## Record extracts
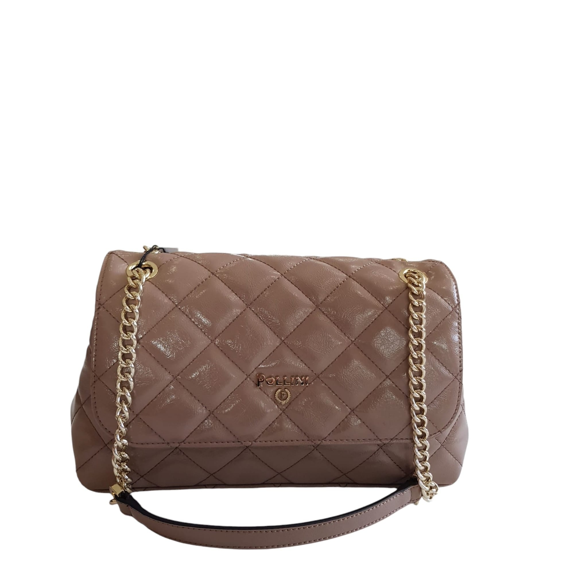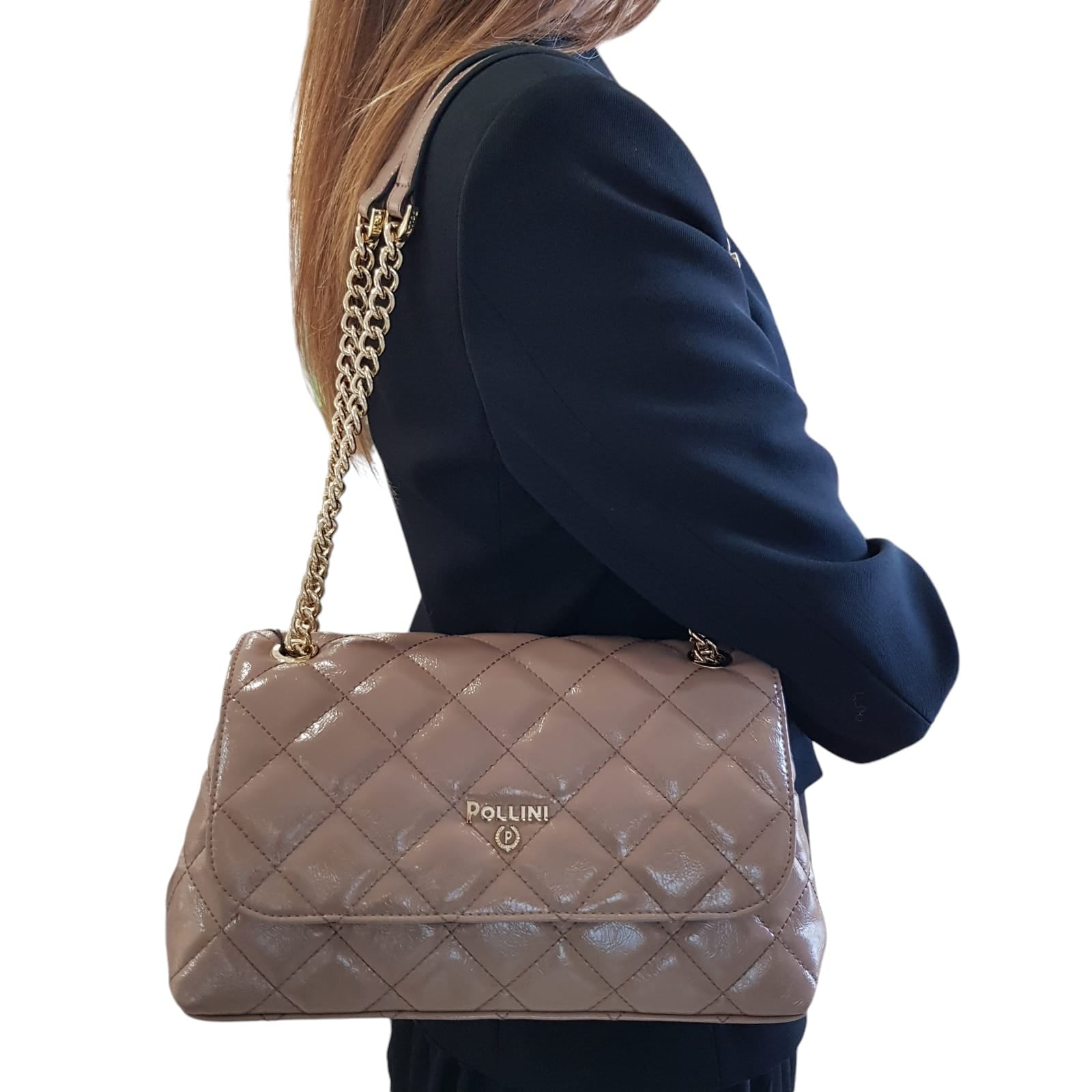 Pollini Borsa donna piccola a spalla con lavorazione matelassé. Catena scorrevole con spallacci per una molteplice portabilità: a spalla, a mano e a tracolla. Due scomparti interni. Art.704
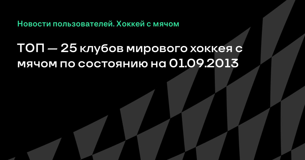 ТОП — 25 клубов мирового хоккея с мячом по состоянию на 01.09.2013
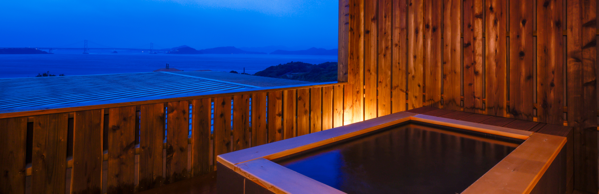 うめ丸では、贅沢な温泉体験をお楽しみいただける露天風呂付客室をご用意しております。誰にも邪魔されないプライベート空間で、鳴門海峡と大鳴門橋の美しい景色を眺めながら、うめ丸自慢の温泉を心ゆくまで堪能できる贅沢なお部屋です。
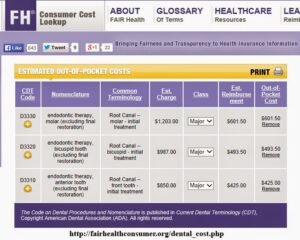 As a consumer, this is what FAIR health says should be charged for endodontic treatment in my zip code. If I have no insurance, this is what I should expect to pay.
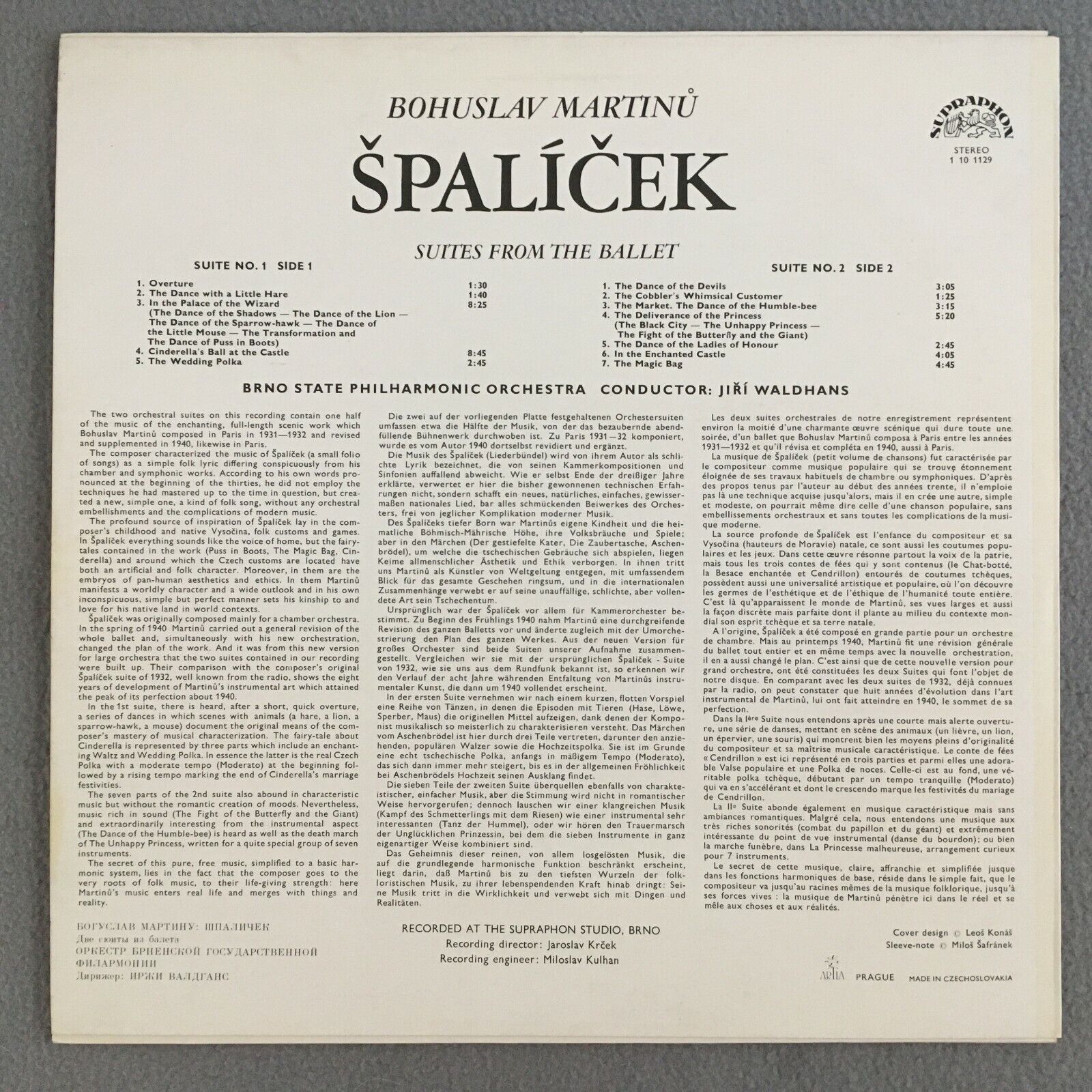 R886 Spalicek 2 Suites from Ballet Waldhans Supraphon 1 10 1129 Stereo
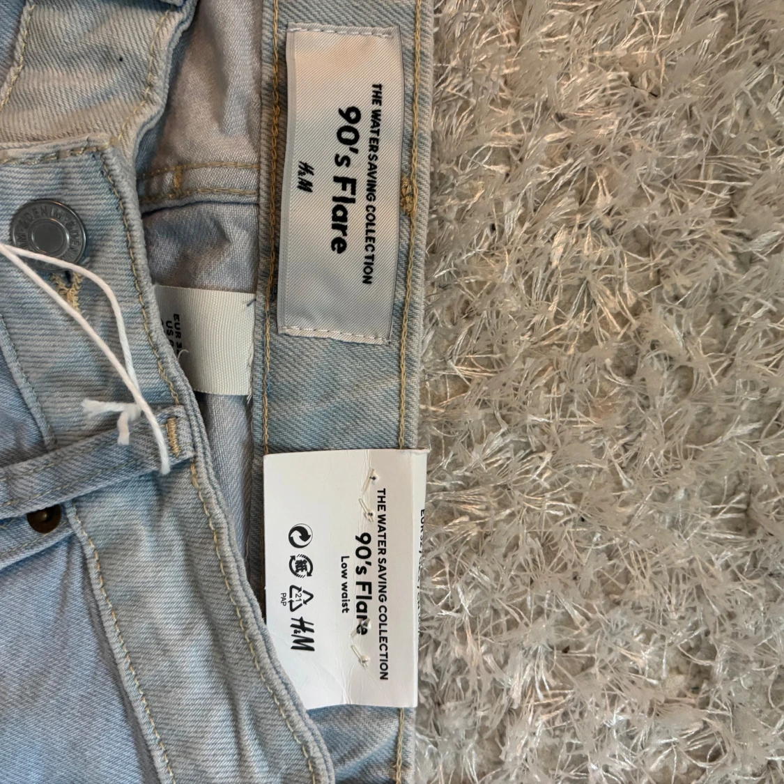 Såå snygga lågmidjade jeans från HM i en flare modell. Aldrig använda då de tyvärr inte passar mig, så lapparna är kvar 💕 Kan skicka bilderna privat där man ser hela jeansen så det inte fick plats i inlägget 🥰

## What you will do
Repeat the data exactly. No pictures should appear.

## Result for this exercise
 Pollini Borsa donna piccola a spalla con lavorazione matelassé. Catena scorrevole con spallacci per una molteplice portabilità: a spalla, a mano e a tracolla. Due scomparti interni. Art.704
 ТОП — 25 клубов мирового хоккея с мячом по состоянию на 01.09.2013
 うめ丸では、贅沢な温泉体験をお楽しみいただける露天風呂付客室をご用意しております。誰にも邪魔されないプライベート空間で、鳴門海峡と大鳴門橋の美しい景色を眺めながら、うめ丸自慢の温泉を心ゆくまで堪能できる贅沢なお部屋です。
 As a consumer, this is what FAIR health says should be charged for endodontic treatment in my zip code. If I have no insurance, this is what I should expect to pay.
 R886 Spalicek 2 Suites from Ballet Waldhans Supraphon 1 10 1129 Stereo
 Såå snygga lågmidjade jeans från HM i en flare modell. Aldrig använda då de tyvärr inte passar mig, så lapparna är kvar 💕 Kan skicka bilderna privat där man ser hela jeansen så det inte fick plats i inlägget 🥰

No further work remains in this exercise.